Today’s announcement of the death of Justice Antonin Scalia prompted an immediate response from Republican senators and several Republican presidential candidates for President Barack Obama to abdicate his constitutional duties and fail to nominate a justice to take Justice Scalia’s place, the New York Times reports.
Although some Democrats called for exactly the same kind of obstructionism eight years ago and 24 years ago, the matter was rendered moot, as Presidents George W Bush and George Bush never got the chance to nominate a justice in the election year.
If President Obama fails to nominate a justice to fill the vacancy or the Senate fails to confirm such a nomination, several cases this year could end in a 4-4 tie. But there’s no precedent for President Obama to wait until the next president takes office.
Among the cases that were considered to be almost certain 5-4 decisions was the case of Friedrichs v California Teachers Association, brought by 10 California teachers against the state’s teachers’ union.
The lower court, the US Court of Appeals for the Ninth Circuit, ruled in favor of the union, saying it could continue to force nonunion members to pay agency fees to support the collective bargaining but not the political activity of the union. That ruling, however, was largely considered a solicitation, at the urging of the teachers’ lawyers, to the Supreme Court to take the case, since a precedent would have to be overturned in order for the teachers to win.
Four justices, who are sometimes considered part of the Court’s “liberal wing,” are expected to vote for the union, upholding the decision of the Ninth Circuit and leaving the former precedent, Abood, in place. The other four justices, including Chief Justice John G Roberts Jr, are expected to vote for the nonunion teachers, saying they don’t have to pay the agency or fair share fees, overturning both the Ninth Circuit’s ruling and the Abood decision.
If the seat remains vacant before the Supreme Court issues a decision in this case (and the vote is 4-4, as it is widely expected to be), here’s what would happen:
Any time the Supreme Court is tied, the decision of the lower court, from which the case was appealed, is considered “passively upheld” under US law. That means any ruling issued by the lower court stands but the case can’t be used to establish any legal precedent from the Supreme Court. In fact, the Court hardly ever writes a formal opinion in the case of a tie.

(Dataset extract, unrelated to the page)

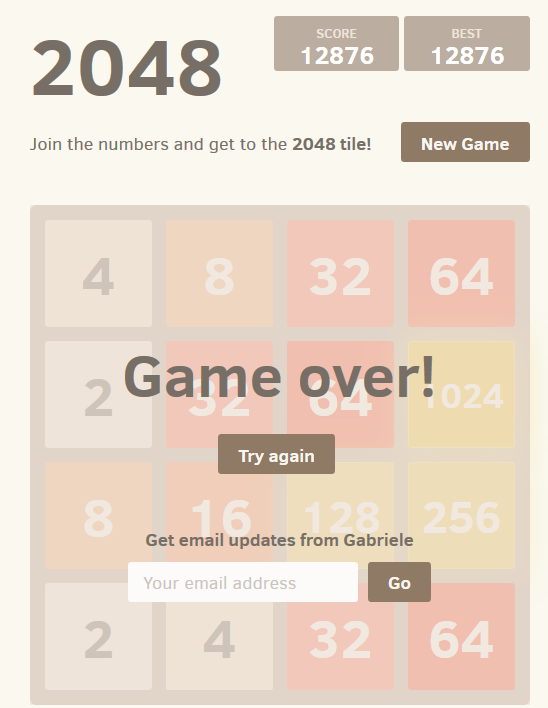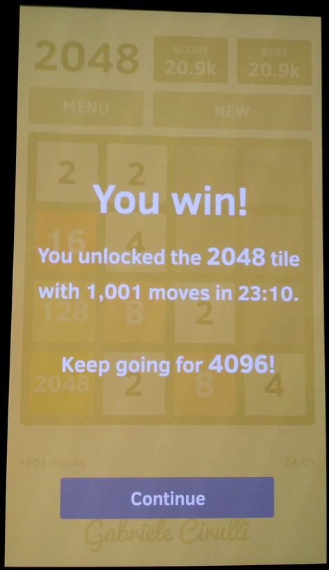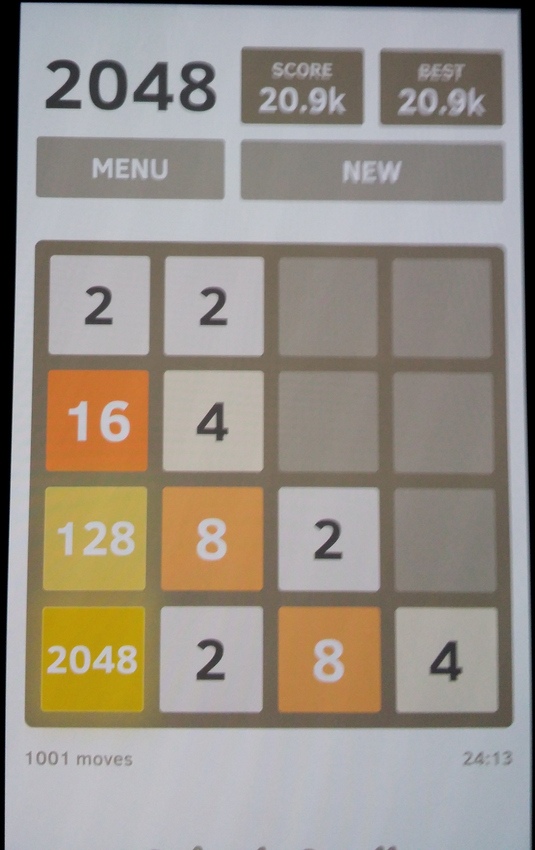 Existuji dve verze, prvni ktera konci 2048, to jsem udelal v pohode bez chyby. Druha verze je tzv. nekonecny mod, ktery je omezenen pouze moznym poctem tahu hry. Nejvice je mozne udelat asi 3.900.000 bodu. Dokoncil jsem tento mod do konce, ale pouze v te hre, kdy jsem po kazdem tahu mohl udelat jeden krok zpet.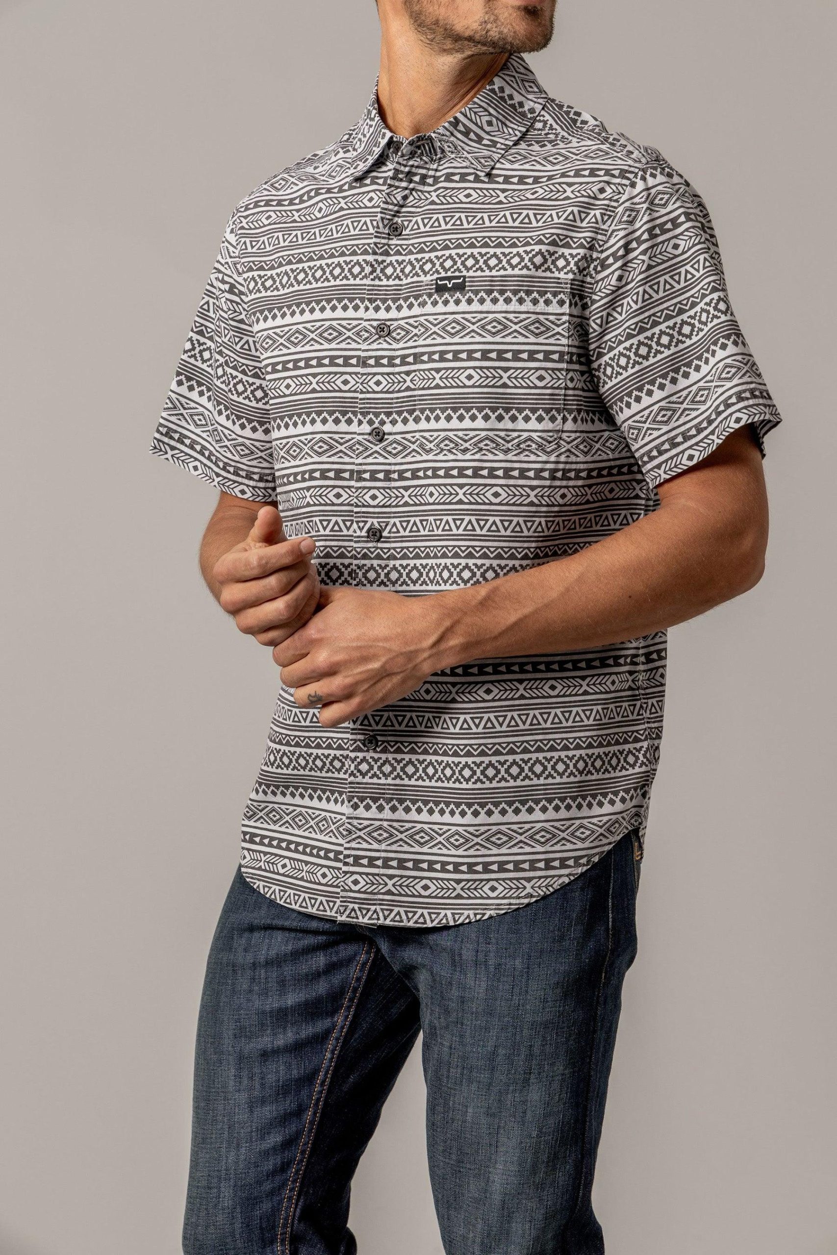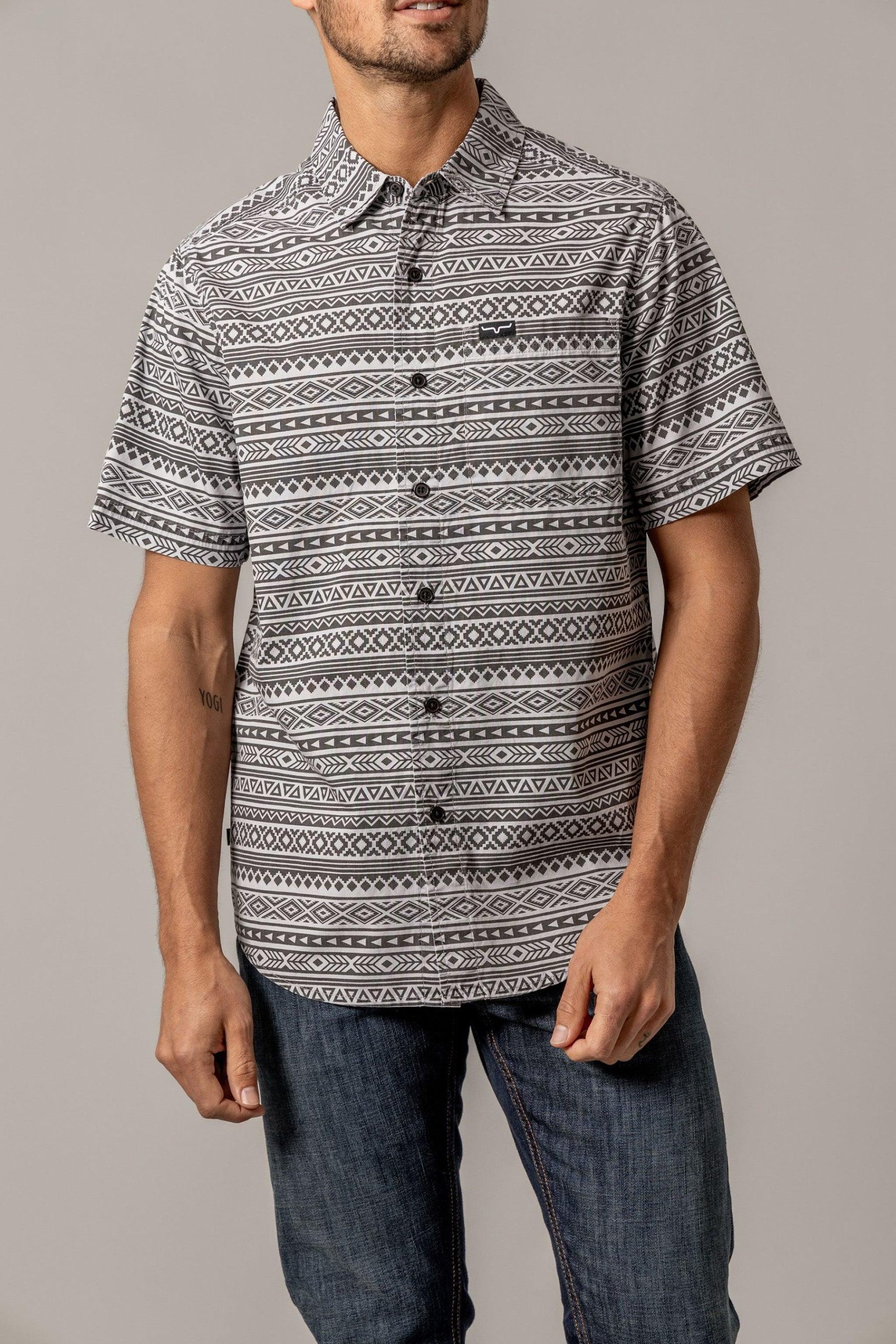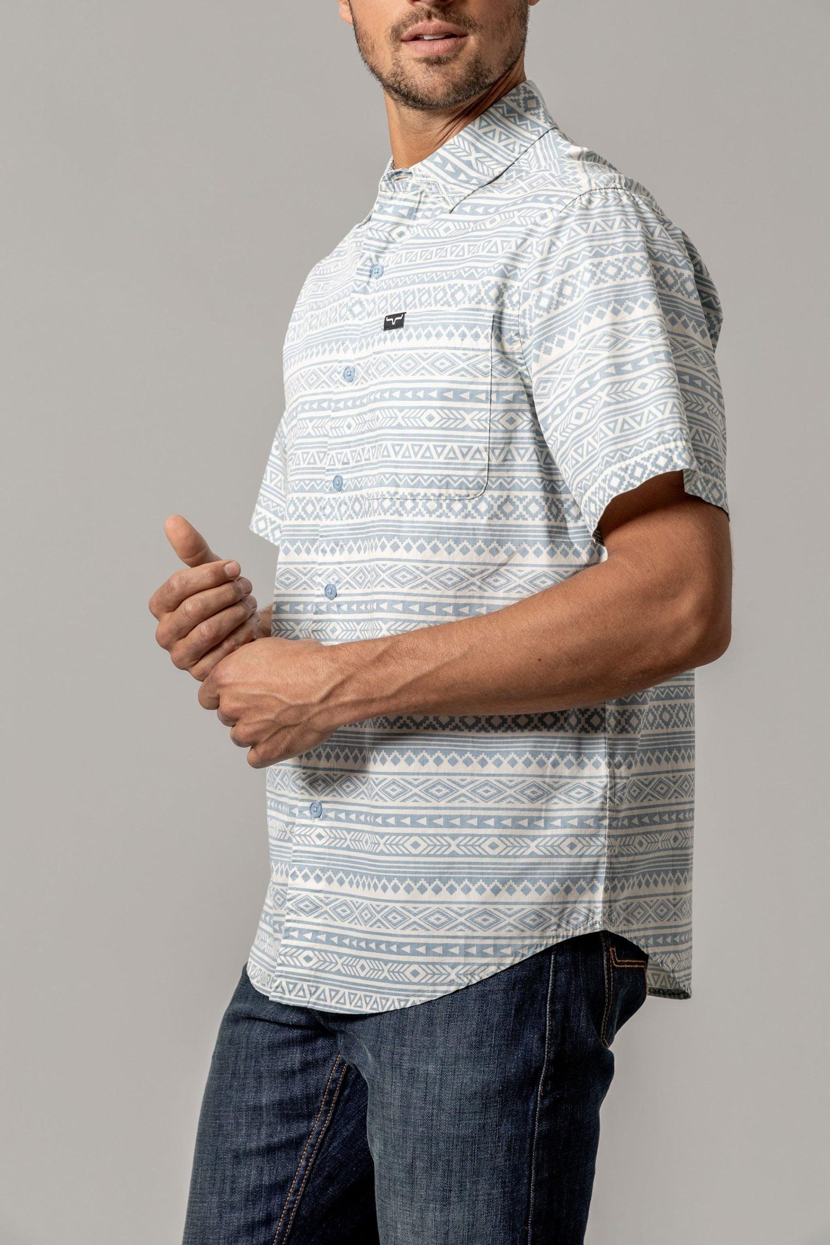 Made from crisp. breathable poplin cotton. the Colton offers all-day comfort and a polished look. A scoop hem looks polished untucked and collared neckline keeps you looking sharp. Featuring an adventurous southwestern print all over. this button-up shirt is sure to be a go-to favorite.

Other options in as-yet undecided cases
The Supreme Court’s vote isn’t counted, so to speak, until it is issued from the bench or, at least, released to the public. Several cases this year have been argued, including an affirmative action case from Texas involving a white college student who was denied admission to the University of Texas in the face of black students, whose scores were lower, who were given offers of admission.
Other things that could happen if oral arguments have already been heard:
- The Court could re-hear the cases after a ninth judge is appointed, say, next term. The landmark school desegregation case, Brown v Board of Education, was decided after re-argument in 1954. Based on tradition, many legal experts consider this the most likely course of action on important cases that will end in a tie without Justice Scalia’s vote.
- The Court could declare the cases “improvidently granted,” in effect saying it should not have heard them in the first place.
- The Court could issue an opinion, assuming the vote of the missing justice would not change the winner, such as in cases where he was in the minority or had recused himself.
Justice Scalia was widely expected to vote in the affirmative action case in a way that would permanently change admissions policies at many colleges and universities, since he is on the record as opposing any role a person’s race may play in deciding college admissions. Since Justice Elena Kagan had already recused herself on this case, though, the vote is largely expected to be 4-3 now, in favor of the white student who was denied admission, Abigail Fisher.
Just as important as Justice Scalia’s vote, though, was his determined and uncanny ability to convince other justices on the Court to change their votes on key constitutional questions. His opinions, especially in dissent, have shaped legal thinking on important questions for many years to come.